= Brief =
Repeat all of the data word for word so that only the pictures are missing from the copy.

= Supplied data =
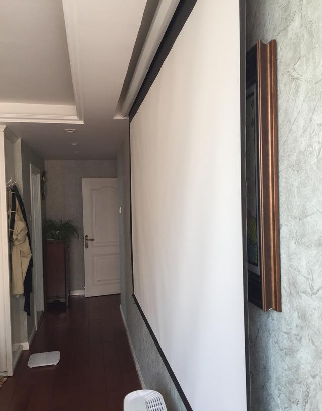▲ 這個案例的目的很簡單,就是用投影幕布取代電視的,所以干脆就按照了一個畫框投影幕布,也不用收起來,畫框幕布的投射的效果比普通的軟幕更好一些。
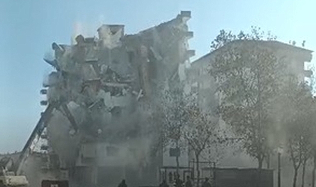 DİYARBAKIR’da depremde ağır hasar alınca boşaltılan 8 katlı bina, yıkım sırasında çöktü. O anlar, cep telefonu kamerasına yansıdı.Kahramanmaraş merkezli 6 Şubat 2003’te meydana gelen depremlerde ağır hasar alınca tahliye edilen Kayapınar ilçesi Peyas Mahallesi 230’uncu Sokak’taki 8 katlı bina için yıkım çalışması başlatıldı. Ancak bina, yıkım sırasında çöktü. Çökme ile çevreyi toz bulutu kaplarken, o anlar cep telefonu kamerasına yansıdı.
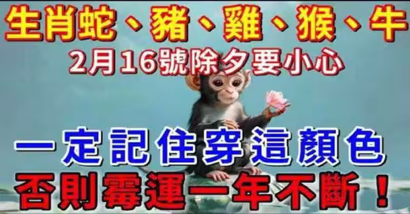 生肖蛇、豬、雞、猴和牛,是這些典型生肖中的代表,在這一天尤需留意。
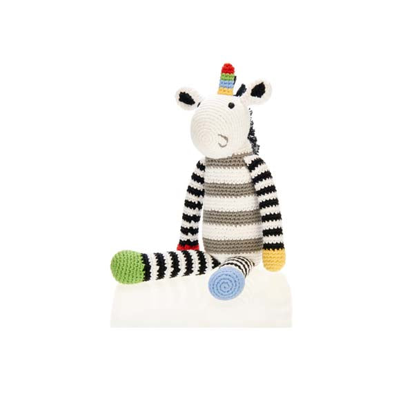 Een volledig met de hand gemaakte eenhoorn van het merk Pebble. Dit lieve vriendje is fijn zacht maar ook meteen een rammelaar Het is gemaakt van natuurlijke materialen en omdat het geheel handgemaakt is kunnen ze iets variëren van maat. Deze lieve eenhoorn wil graag vriendjes worden met jouw kindje.
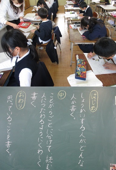 自分の紹介したい人を決め、だれに、どのように伝えるかを考えます。伝える内容を整理し、「はじめ・なか・おわり」のまとまりを意識して文章と絵で表していきます。
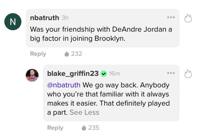 为何选择篮网而不是湖人?格里芬表示:​他们(篮网)需要一位4号位球员,我一直非常尊重史蒂夫-纳什和他们所有的人,肖恩-马克斯(篮网总经理)在那里做得很好;这是一个艰难的决定,我想成为一支有争冠竞争力球队的一员。
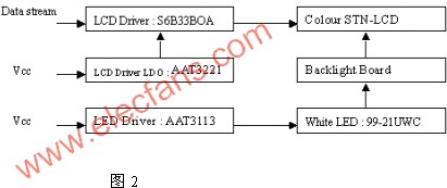 STN -LCD彩屏模塊的電路結構如圖2所示,外來電源Vcc經(jīng)LDO降壓穩(wěn)壓,向LCD驅(qū)動IC如三星的S6B33BOA提供工作電壓,驅(qū)動彩色STN- LCD的液晶顯示圖形和文字;外來電源Vcc經(jīng)電荷泵升壓穩(wěn)壓,向白光LED如99-21UWC提供恒定的恒壓、恒流電源,LED的白光經(jīng)背光板反射,使 LCD液晶的65K色彩充分表現(xiàn)出來,LED的亮度直接影響LCD色彩的靚麗程度。
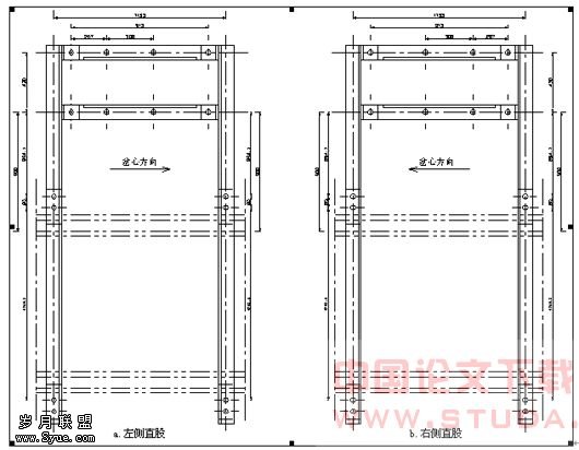 长基础角钢与角形铁的连接孔加工位置应与道岔安装左、右侧(面向岔尖),保持一致,连接孔中心应在角钢安装水平面的中心轴线上,前后左右偏差均不得超过1mm,如图3.4。由于现场加工条件限制,为保证精度,可在订货时将加工尺寸提供给厂家,由厂家在生产时一并加工,但左、右侧及直线、曲线侧安装的数量必须事先统计清楚。
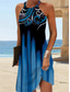 Dames Maxi-jurk Zonnejurk A lijn jurk Zomerjurk Vakantie Casual Boho Feestdagen Ruim Passend Ombre Bloemig Grafisch Mouwloos V-hals Gekerfde nek aquablauw Grijs-Groen Lila Zomer Lente

= Answer section =
▲ 這個案例的目的很簡單,就是用投影幕布取代電視的,所以干脆就按照了一個畫框投影幕布,也不用收起來,畫框幕布的投射的效果比普通的軟幕更好一些。
 DİYARBAKIR’da depremde ağır hasar alınca boşaltılan 8 katlı bina, yıkım sırasında çöktü. O anlar, cep telefonu kamerasına yansıdı.Kahramanmaraş merkezli 6 Şubat 2003’te meydana gelen depremlerde ağır hasar alınca tahliye edilen Kayapınar ilçesi Peyas Mahallesi 230’uncu Sokak’taki 8 katlı bina için yıkım çalışması başlatıldı. Ancak bina, yıkım sırasında çöktü. Çökme ile çevreyi toz bulutu kaplarken, o anlar cep telefonu kamerasına yansıdı.
 生肖蛇、豬、雞、猴和牛,是這些典型生肖中的代表,在這一天尤需留意。
 Een volledig met de hand gemaakte eenhoorn van het merk Pebble. Dit lieve vriendje is fijn zacht maar ook meteen een rammelaar Het is gemaakt van natuurlijke materialen en omdat het geheel handgemaakt is kunnen ze iets variëren van maat. Deze lieve eenhoorn wil graag vriendjes worden met jouw kindje.
 自分の紹介したい人を決め、だれに、どのように伝えるかを考えます。伝える内容を整理し、「はじめ・なか・おわり」のまとまりを意識して文章と絵で表していきます。
 为何选择篮网而不是湖人?格里芬表示:​他们(篮网)需要一位4号位球员,我一直非常尊重史蒂夫-纳什和他们所有的人,肖恩-马克斯(篮网总经理)在那里做得很好;这是一个艰难的决定,我想成为一支有争冠竞争力球队的一员。
 STN -LCD彩屏模塊的電路結構如圖2所示,外來電源Vcc經(jīng)LDO降壓穩(wěn)壓,向LCD驅(qū)動IC如三星的S6B33BOA提供工作電壓,驅(qū)動彩色STN- LCD的液晶顯示圖形和文字;外來電源Vcc經(jīng)電荷泵升壓穩(wěn)壓,向白光LED如99-21UWC提供恒定的恒壓、恒流電源,LED的白光經(jīng)背光板反射,使 LCD液晶的65K色彩充分表現(xiàn)出來,LED的亮度直接影響LCD色彩的靚麗程度。
 长基础角钢与角形铁的连接孔加工位置应与道岔安装左、右侧(面向岔尖),保持一致,连接孔中心应在角钢安装水平面的中心轴线上,前后左右偏差均不得超过1mm,如图3.4。由于现场加工条件限制,为保证精度,可在订货时将加工尺寸提供给厂家,由厂家在生产时一并加工,但左、右侧及直线、曲线侧安装的数量必须事先统计清楚。
 Dames Maxi-jurk Zonnejurk A lijn jurk Zomerjurk Vakantie Casual Boho Feestdagen Ruim Passend Ombre Bloemig Grafisch Mouwloos V-hals Gekerfde nek aquablauw Grijs-Groen Lila Zomer Lente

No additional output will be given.